### [Given information]
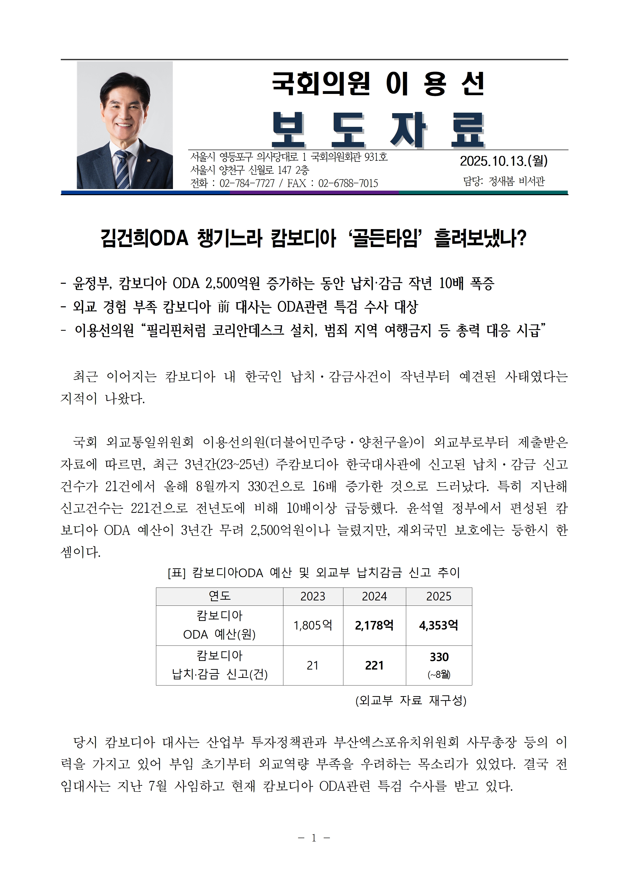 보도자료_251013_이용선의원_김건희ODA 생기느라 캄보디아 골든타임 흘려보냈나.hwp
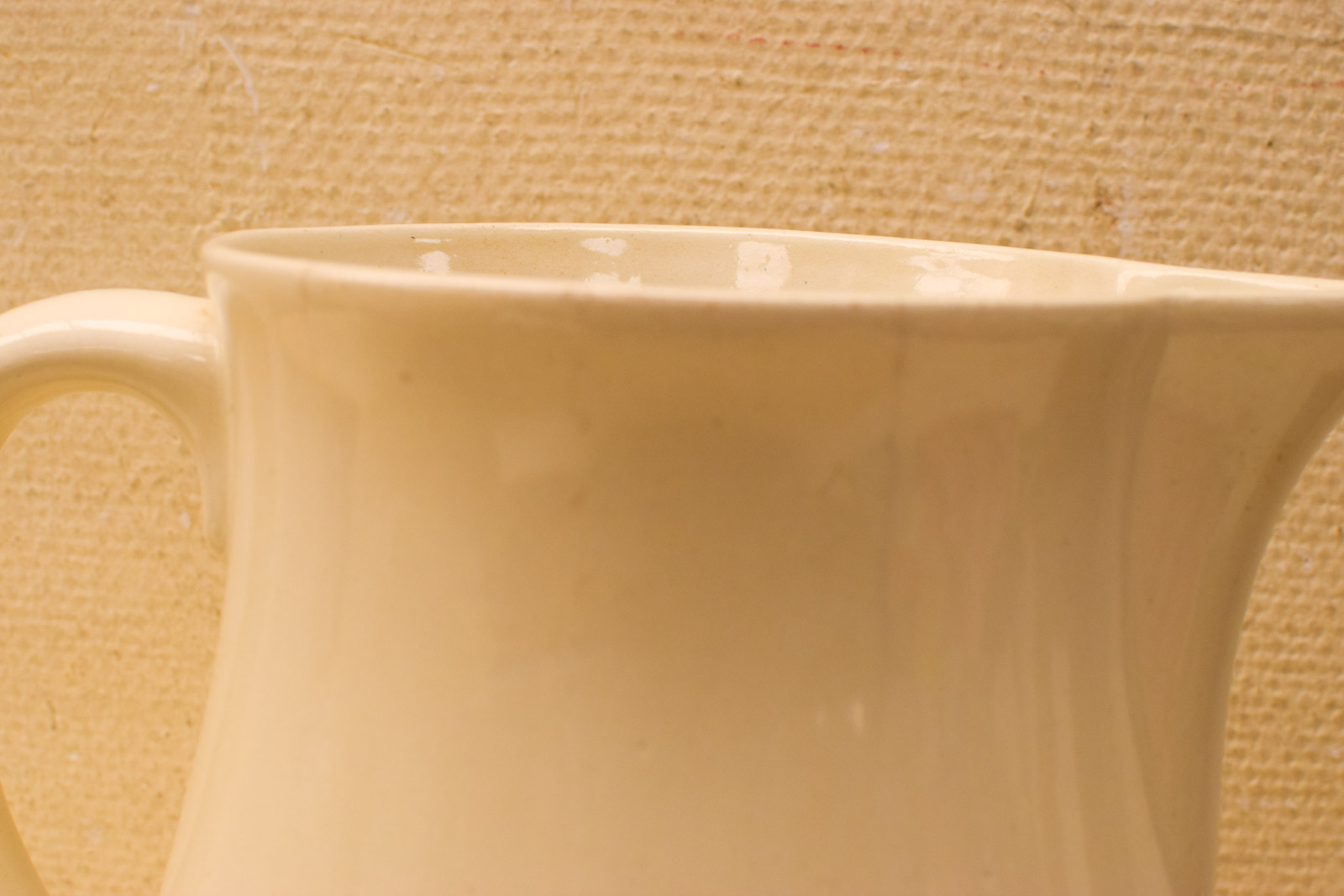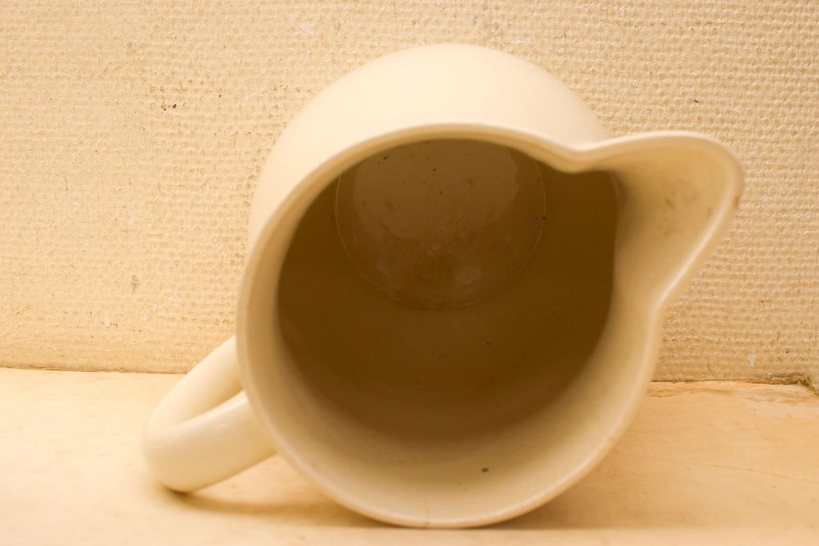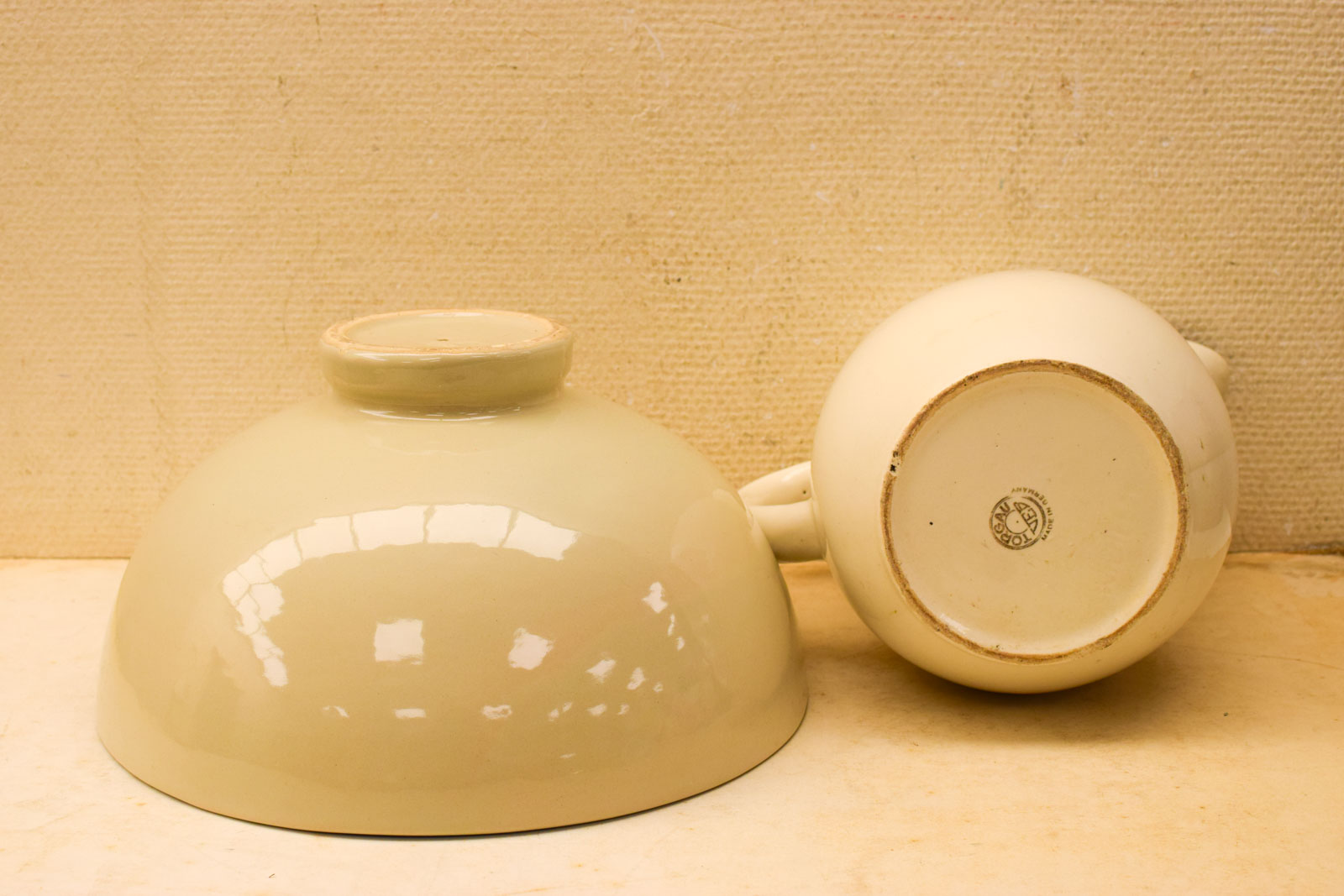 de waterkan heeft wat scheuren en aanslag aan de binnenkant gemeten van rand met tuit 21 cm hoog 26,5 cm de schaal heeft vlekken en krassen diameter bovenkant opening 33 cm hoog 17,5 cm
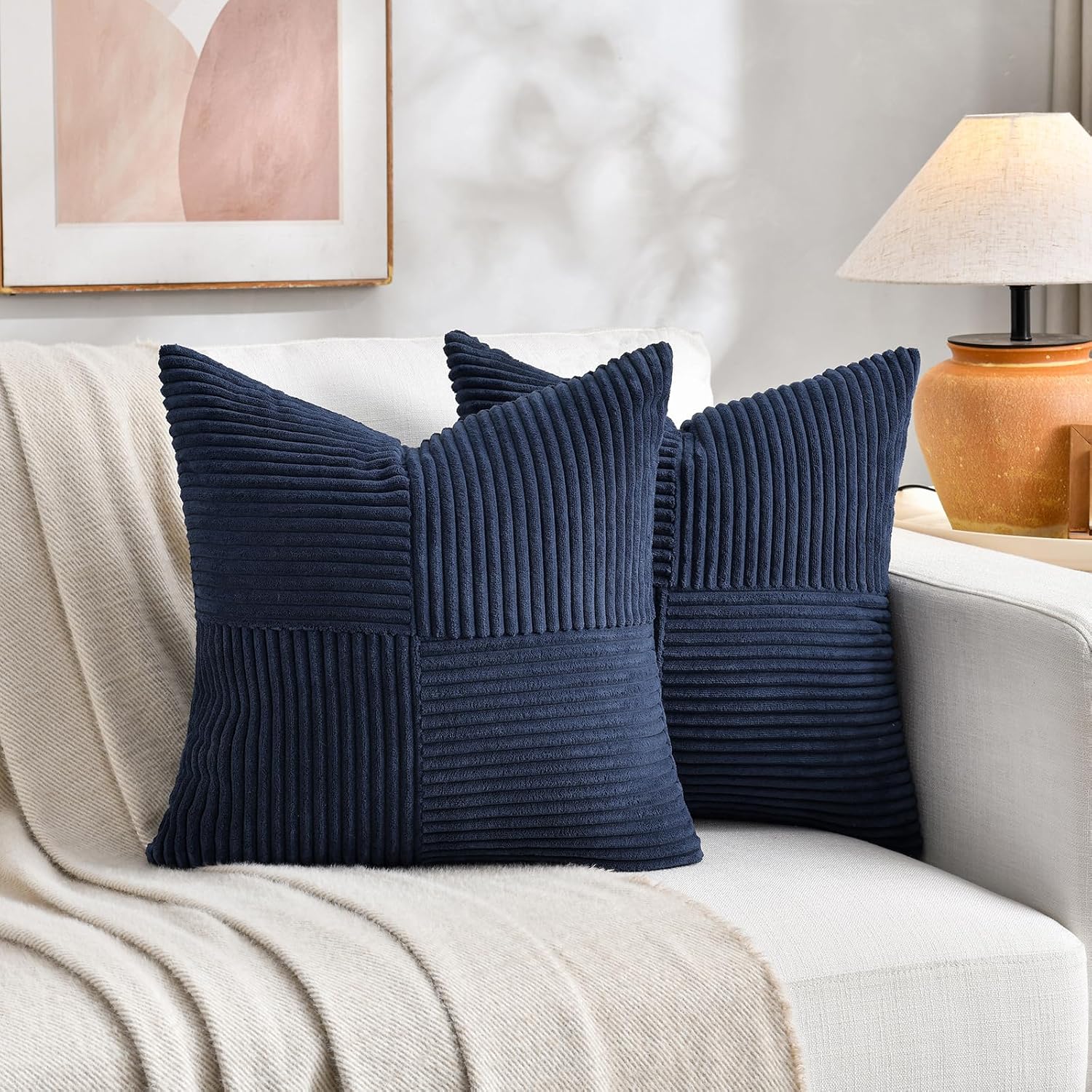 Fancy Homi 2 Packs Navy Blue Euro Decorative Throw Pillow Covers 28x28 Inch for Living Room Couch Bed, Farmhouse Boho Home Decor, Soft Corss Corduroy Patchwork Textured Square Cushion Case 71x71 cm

### [Prompt]
All of the material above is to be retyped exactly, with no pictures included.

### [Answer area]
 보도자료_251013_이용선의원_김건희ODA 생기느라 캄보디아 골든타임 흘려보냈나.hwp
 de waterkan heeft wat scheuren en aanslag aan de binnenkant gemeten van rand met tuit 21 cm hoog 26,5 cm de schaal heeft vlekken en krassen diameter bovenkant opening 33 cm hoog 17,5 cm
 Fancy Homi 2 Packs Navy Blue Euro Decorative Throw Pillow Covers 28x28 Inch for Living Room Couch Bed, Farmhouse Boho Home Decor, Soft Corss Corduroy Patchwork Textured Square Cushion Case 71x71 cm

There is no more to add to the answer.